> The task:
Write out every line of the data below exactly as given.

======

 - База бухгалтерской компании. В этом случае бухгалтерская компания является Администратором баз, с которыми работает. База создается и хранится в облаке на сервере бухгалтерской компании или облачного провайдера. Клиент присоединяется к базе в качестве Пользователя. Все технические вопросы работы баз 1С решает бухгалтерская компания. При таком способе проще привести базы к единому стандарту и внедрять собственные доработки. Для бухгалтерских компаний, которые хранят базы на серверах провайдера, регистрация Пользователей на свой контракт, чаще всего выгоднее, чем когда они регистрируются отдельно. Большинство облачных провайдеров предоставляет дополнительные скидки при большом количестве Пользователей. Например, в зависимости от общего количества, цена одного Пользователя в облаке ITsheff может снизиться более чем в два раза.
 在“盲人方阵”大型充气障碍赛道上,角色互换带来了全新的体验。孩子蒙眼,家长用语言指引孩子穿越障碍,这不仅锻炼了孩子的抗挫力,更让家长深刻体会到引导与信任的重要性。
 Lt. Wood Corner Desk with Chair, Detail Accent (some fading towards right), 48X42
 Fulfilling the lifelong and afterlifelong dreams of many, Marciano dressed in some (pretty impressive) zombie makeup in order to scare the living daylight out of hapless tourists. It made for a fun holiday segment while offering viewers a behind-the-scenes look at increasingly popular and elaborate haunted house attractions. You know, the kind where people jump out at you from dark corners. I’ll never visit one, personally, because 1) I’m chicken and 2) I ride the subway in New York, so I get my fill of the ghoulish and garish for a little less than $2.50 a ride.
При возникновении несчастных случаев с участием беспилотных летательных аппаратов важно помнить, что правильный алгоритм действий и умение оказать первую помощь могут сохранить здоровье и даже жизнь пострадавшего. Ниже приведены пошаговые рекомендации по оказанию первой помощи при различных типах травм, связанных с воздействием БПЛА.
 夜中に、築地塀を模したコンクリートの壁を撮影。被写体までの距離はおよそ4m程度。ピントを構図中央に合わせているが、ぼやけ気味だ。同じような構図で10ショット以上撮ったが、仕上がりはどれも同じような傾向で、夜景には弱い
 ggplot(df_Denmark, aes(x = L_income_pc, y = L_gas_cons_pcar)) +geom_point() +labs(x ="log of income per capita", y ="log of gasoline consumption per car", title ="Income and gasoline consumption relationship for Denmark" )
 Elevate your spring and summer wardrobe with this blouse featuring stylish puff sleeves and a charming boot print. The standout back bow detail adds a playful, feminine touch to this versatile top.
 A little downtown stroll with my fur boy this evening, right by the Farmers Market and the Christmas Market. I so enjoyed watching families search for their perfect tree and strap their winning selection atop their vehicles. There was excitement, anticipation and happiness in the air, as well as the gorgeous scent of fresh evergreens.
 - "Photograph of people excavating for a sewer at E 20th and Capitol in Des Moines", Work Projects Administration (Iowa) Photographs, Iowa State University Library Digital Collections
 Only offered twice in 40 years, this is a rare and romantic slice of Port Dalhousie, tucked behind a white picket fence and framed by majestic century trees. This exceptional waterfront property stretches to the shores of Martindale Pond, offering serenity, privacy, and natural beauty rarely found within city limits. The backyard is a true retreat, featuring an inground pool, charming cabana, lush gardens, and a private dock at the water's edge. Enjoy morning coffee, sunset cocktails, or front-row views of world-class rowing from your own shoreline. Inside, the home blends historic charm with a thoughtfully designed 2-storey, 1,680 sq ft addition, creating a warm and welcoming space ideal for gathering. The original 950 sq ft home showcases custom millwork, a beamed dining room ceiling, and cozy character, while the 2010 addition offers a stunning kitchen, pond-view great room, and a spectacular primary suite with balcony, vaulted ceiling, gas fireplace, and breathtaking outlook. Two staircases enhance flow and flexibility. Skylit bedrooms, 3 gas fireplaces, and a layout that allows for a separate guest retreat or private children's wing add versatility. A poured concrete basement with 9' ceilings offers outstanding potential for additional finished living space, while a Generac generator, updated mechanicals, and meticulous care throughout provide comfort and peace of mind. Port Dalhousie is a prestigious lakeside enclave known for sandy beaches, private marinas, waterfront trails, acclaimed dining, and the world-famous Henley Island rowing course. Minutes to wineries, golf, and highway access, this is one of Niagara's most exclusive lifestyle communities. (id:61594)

======

> Answer to this task:
 - База бухгалтерской компании. В этом случае бухгалтерская компания является Администратором баз, с которыми работает. База создается и хранится в облаке на сервере бухгалтерской компании или облачного провайдера. Клиент присоединяется к базе в качестве Пользователя. Все технические вопросы работы баз 1С решает бухгалтерская компания. При таком способе проще привести базы к единому стандарту и внедрять собственные доработки. Для бухгалтерских компаний, которые хранят базы на серверах провайдера, регистрация Пользователей на свой контракт, чаще всего выгоднее, чем когда они регистрируются отдельно. Большинство облачных провайдеров предоставляет дополнительные скидки при большом количестве Пользователей. Например, в зависимости от общего количества, цена одного Пользователя в облаке ITsheff может снизиться более чем в два раза.
 在“盲人方阵”大型充气障碍赛道上,角色互换带来了全新的体验。孩子蒙眼,家长用语言指引孩子穿越障碍,这不仅锻炼了孩子的抗挫力,更让家长深刻体会到引导与信任的重要性。
 Lt. Wood Corner Desk with Chair, Detail Accent (some fading towards right), 48X42
 Fulfilling the lifelong and afterlifelong dreams of many, Marciano dressed in some (pretty impressive) zombie makeup in order to scare the living daylight out of hapless tourists. It made for a fun holiday segment while offering viewers a behind-the-scenes look at increasingly popular and elaborate haunted house attractions. You know, the kind where people jump out at you from dark corners. I’ll never visit one, personally, because 1) I’m chicken and 2) I ride the subway in New York, so I get my fill of the ghoulish and garish for a little less than $2.50 a ride.
При возникновении несчастных случаев с участием беспилотных летательных аппаратов важно помнить, что правильный алгоритм действий и умение оказать первую помощь могут сохранить здоровье и даже жизнь пострадавшего. Ниже приведены пошаговые рекомендации по оказанию первой помощи при различных типах травм, связанных с воздействием БПЛА.
 夜中に、築地塀を模したコンクリートの壁を撮影。被写体までの距離はおよそ4m程度。ピントを構図中央に合わせているが、ぼやけ気味だ。同じような構図で10ショット以上撮ったが、仕上がりはどれも同じような傾向で、夜景には弱い
 ggplot(df_Denmark, aes(x = L_income_pc, y = L_gas_cons_pcar)) +geom_point() +labs(x ="log of income per capita", y ="log of gasoline consumption per car", title ="Income and gasoline consumption relationship for Denmark" )
 Elevate your spring and summer wardrobe with this blouse featuring stylish puff sleeves and a charming boot print. The standout back bow detail adds a playful, feminine touch to this versatile top.
 A little downtown stroll with my fur boy this evening, right by the Farmers Market and the Christmas Market. I so enjoyed watching families search for their perfect tree and strap their winning selection atop their vehicles. There was excitement, anticipation and happiness in the air, as well as the gorgeous scent of fresh evergreens.
 - "Photograph of people excavating for a sewer at E 20th and Capitol in Des Moines", Work Projects Administration (Iowa) Photographs, Iowa State University Library Digital Collections
 Only offered twice in 40 years, this is a rare and romantic slice of Port Dalhousie, tucked behind a white picket fence and framed by majestic century trees. This exceptional waterfront property stretches to the shores of Martindale Pond, offering serenity, privacy, and natural beauty rarely found within city limits. The backyard is a true retreat, featuring an inground pool, charming cabana, lush gardens, and a private dock at the water's edge. Enjoy morning coffee, sunset cocktails, or front-row views of world-class rowing from your own shoreline. Inside, the home blends historic charm with a thoughtfully designed 2-storey, 1,680 sq ft addition, creating a warm and welcoming space ideal for gathering. The original 950 sq ft home showcases custom millwork, a beamed dining room ceiling, and cozy character, while the 2010 addition offers a stunning kitchen, pond-view great room, and a spectacular primary suite with balcony, vaulted ceiling, gas fireplace, and breathtaking outlook. Two staircases enhance flow and flexibility. Skylit bedrooms, 3 gas fireplaces, and a layout that allows for a separate guest retreat or private children's wing add versatility. A poured concrete basement with 9' ceilings offers outstanding potential for additional finished living space, while a Generac generator, updated mechanicals, and meticulous care throughout provide comfort and peace of mind. Port Dalhousie is a prestigious lakeside enclave known for sandy beaches, private marinas, waterfront trails, acclaimed dining, and the world-famous Henley Island rowing course. Minutes to wineries, golf, and highway access, this is one of Niagara's most exclusive lifestyle communities. (id:61594)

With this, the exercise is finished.